/Word_Frequency_Lists_ITA

Handy frequency lists of words in Italian, collected from the ItWaC corpus (Baroni, Bernardini, Ferraresi, & Zanchetta, 2009).

Primary LanguageRMIT LicenseMIT

Word_frequency_Lists_ITA

Handy frequency lists for Italian lexical words calculated from the corpus ItWac (Baroni, M., Bernardini, S., Ferraresi, A., & Zanchetta, E., 2009).

Contents:

NOUNS

  • itwac_nouns_lemmas_notail_2_0_0.csv List of word forms tagged as NOUNS. The minimum token frequency in this list is 3. Contains: wordform, lemma, POS, frequency (raw), frequency per million words (fpmw), frequency (zipf). Encoding: utf-8. Calculated using countlemma_v2.0.0

  • itwac_nouns_lemmas_raw_2_0_0.zip List of word forms tagged as NOUNS. The minimum token frequency in this list is 1. Contains: wordform, lemma, POS, frequency (raw), frequency per million words (fpmw), frequency (zipf). Encoding: utf-8. Calculated using countlemma_v2.0.0

VERBS

  • itwac_verbs_lemmas_notail_2_1_0.csv List of word forms tagged as lexical VERBS (no auxiliary verbs). Contains: wordform, lemma, POS, modality, POS2 (ideally, functional verbs), frequency (raw), frequency per million words (fpmw), frequency (zipf). Encoding: utf-8. Calculated using countlemma_verb_2_1_0.

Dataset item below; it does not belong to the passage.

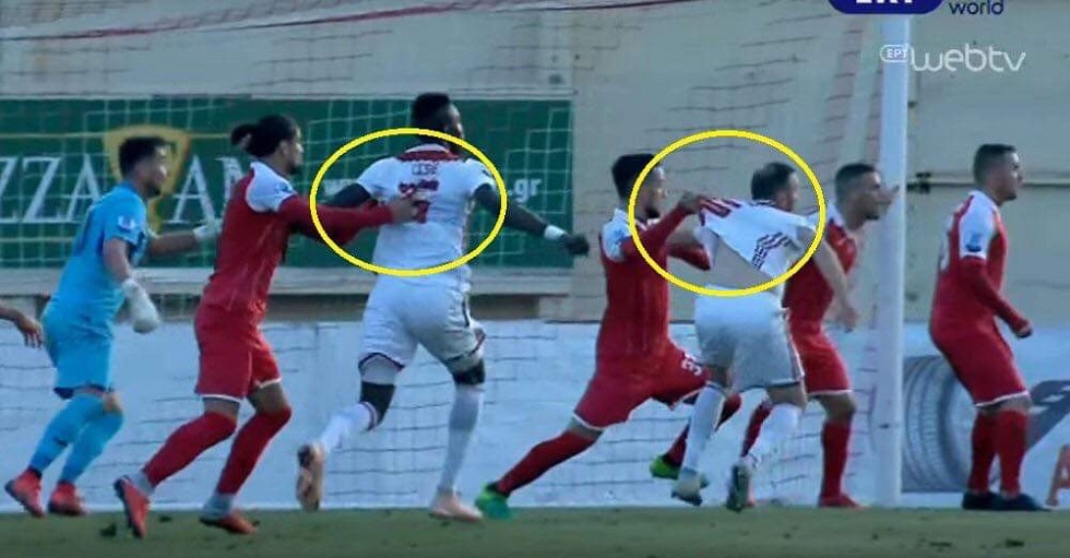 Υπάρχουν διάφοροι τρόποι να ζητήσεις τη… φανέλα ενός αντιπάλου. Η φάση του 41΄ενδεικτική. Ο Λισγάρας προσπαθεί να αρπάξει αυτή που φορά ο Σισέ, και ο Τοροσίδης νιώθει την ίδια απειλή απο τον Κασάδο.
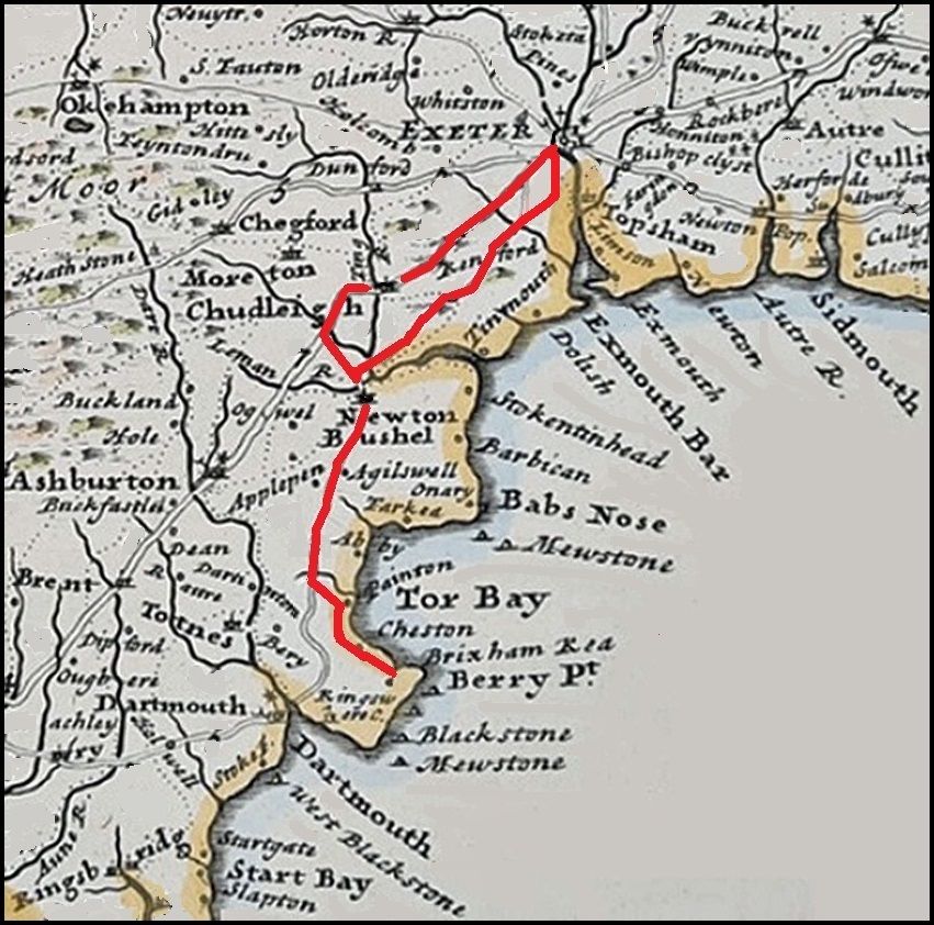 Map Showing the Route of William's Army (in Red) from Torbay to Exeter

  • itwac_verbs_list_of_lemmas_2_1_0.csv List of lemmas from most to least represented across lexical VERB wordforms. Encoding: utf-8. Calculated using countlemma_verb_2_1_0.

ADJECTIVES

  • itwac_adj_lemmas_notail_2_1_0.csv List of word forms tagged as ADJ. The minimum token frequency in this list is 3. Contains: wordform, lemma, POS, frequency (raw), frequency per million words (fpmw), frequency (zipf). Encoding: utf-8. Calculated using countlemmaADJ

  • itwac_adj_lemmas_raw_2_1_0.zip List of word forms tagged as ADJ. The minimum token frequency in this list is 1. Contains: wordform, lemma, POS, frequency (raw), frequency per million words (fpmw), frequency (zipf). Encoding: utf-8. Calculated using countlemmaADJ

  • countlemma_v2.0.0.R Code used to provide a frequency list of all the NOUN forms present in Itwac, tagged for POS and lemma. This version is less time consuming in handling big files if compared to v_1.

  • countlemma_verb_2_1_0.R Code used to provide a frequency list of all the VERB forms present in Itwac, tagged for POS, lemma, modality.

  • countlemma_adj.R Code used to provide a frequency list of all the ADJ forms present in Itwac, tagged for POS and lemma.